Essay: "The Wall Jumper: A Berlin Story" by Peter Schneider
It
is only by the will of the people that the governing body can function.
However, it is also by the oppression of the governing body that the people
fear rising up against their regimes. It is a struggle that our human nature
has made almost systematic; each affects the other, each relies on the other to
exist. Such a notion is seen in “The Wall Jumper: A Berlin Story” by Peter
Schneider in 1982, during the context of the cold war period, where the society
and its governing structure were often seen to be polar opposites to one
another, however, Schneider shows that it just might not be the case.
Schneider
delves into the power structures within our society and suggests that it is not
simply those whom are in power who are to blame, but also our humanistic flaws
of complacency and complicity which allow those in power to either remain in
power or accumulate more. Understanding such a notion can help us, the society,
to progress politically and to realise that our own acts, or lack thereof may
be subject to blame.
Due
to this agency of political power, the government should be reflective of the
people.
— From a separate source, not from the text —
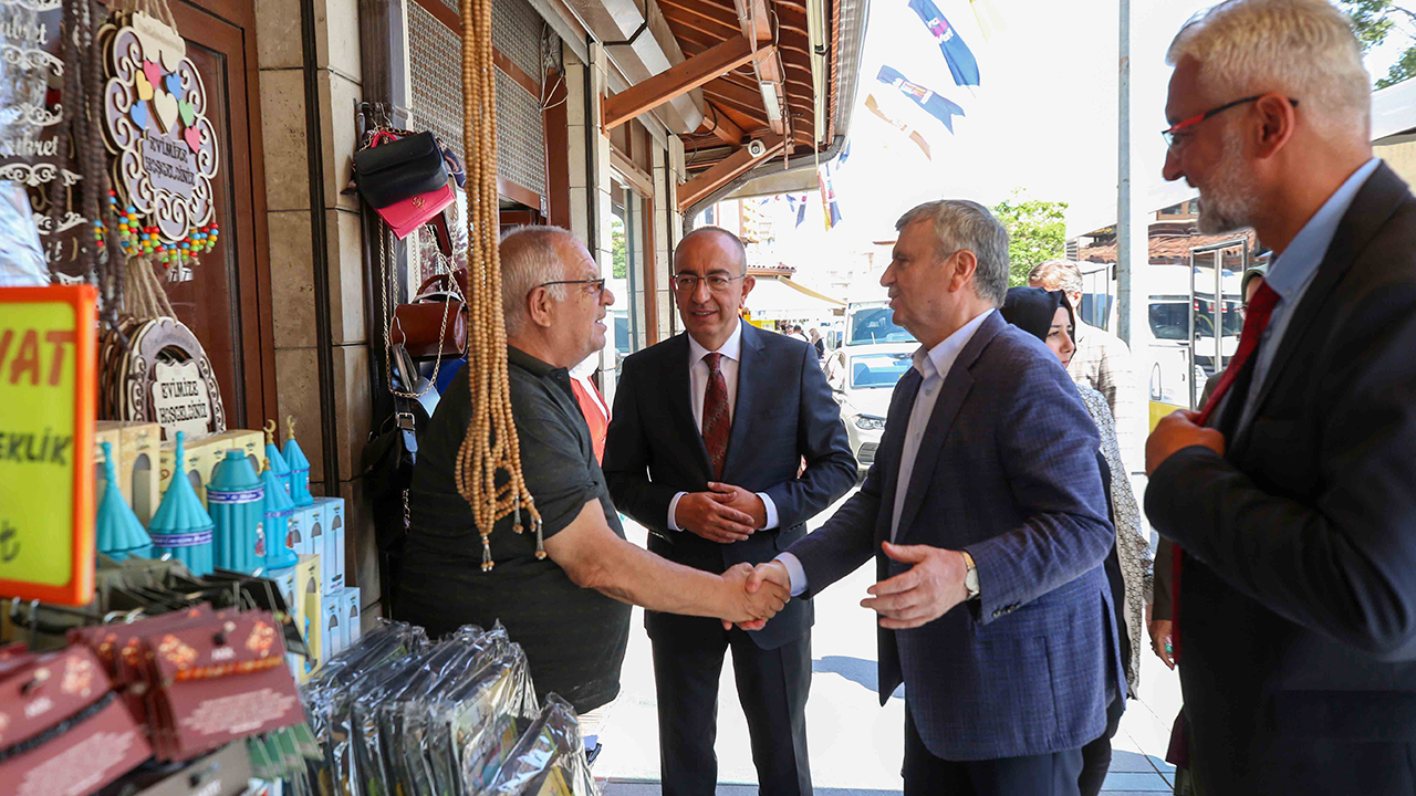 Ziyaretlerin ikinci bölümünde Mevlana Müzesi çevresindeki esnafı gezen Akyürek ve Kavuş, teşkilat mensupları hemşehrilerinin talep ve sorunlarını dinledi. Esnafın ülke ekonomisinin bel kemiği olduğunu vurgulayan Akyürek, “Konya büyüdükçe Türkiye büyüyor. Biz de her zaman hemşehrilerimizin yanında olmaya devam edeceğiz” ifadelerini kullandı. Program, MÜSİAD Konya Şubesi ziyareti ve iş adamlarıyla yapılan istişareleri ile devam etti. MÜSİAD Konya Şube Başkanı Osman Ulular ziyaretlerinden dolayı Milletvekili Akyürek ve Başkan Kavuş’a teşekkür ederken Tahir Akyürek de “Şehir ve ülke ekonomisine önemli katkı sunan tüm iş insanlarımıza şükranlarımı sunuyorum” şeklinde konuştu.

Such an idea is delved into by Schneider when he comments on the people
on either side of the berlin wall with the narrator stating that they “resemble
their governments much more closely than they care to admit”. Through the use
of an omnipresent narrator and of a plural pronoun, “they”, Schneider is trying
to state that the collective people are responsible for their own government
and that it is not one individuals fault but a collective fault.
This
is emphasised with the narrator earlier stating “Nothing suggests to the
stranger that he is nearing a region where two political continents
collide" Schneider subverts the common notion that there
is a divide between politics and the people, suggesting that each is reflective
of the other by calling them ‘political continents’, suggesting that politics
has superseded culture – which brings it back to the notion that people
influence their country’s politics. This is reflective of the ballot paper:
people have the ability to vote, the agency of political power.
However,
historically and even in today’s politics, there is an understanding that such
a platform of power can itself provide influence to the people, and hence shape
the political and cultural values of a society – essentially, politics
influencing people. Schneider shows this political influence through the
division of berlin and the opposing political ideologies, with him stating that
people will stay “true to the state whose influence we no longer recognise”.
Schneider
blatantly states that the governing bodies have the power to influence the
political atmosphere and hence the people and through the use of a collective
noun, suggests that everyone human being will be effected by those in power. This
is reflective of the ballot paper, we will vote depending on the political
environment which we have been influenced by.
Schneider
puts forward the perspective that politics are only exist with the compliance
and the will of the people and that without proper scrutiny those whom oppress
or control other people will continue to accumulate power. Through the proper
understanding of his texts, we can better understand our political structures,
and hence understand that it’s not only that those in power who are to blame,
but also we ourselves, whom have put them there, are to blame as well.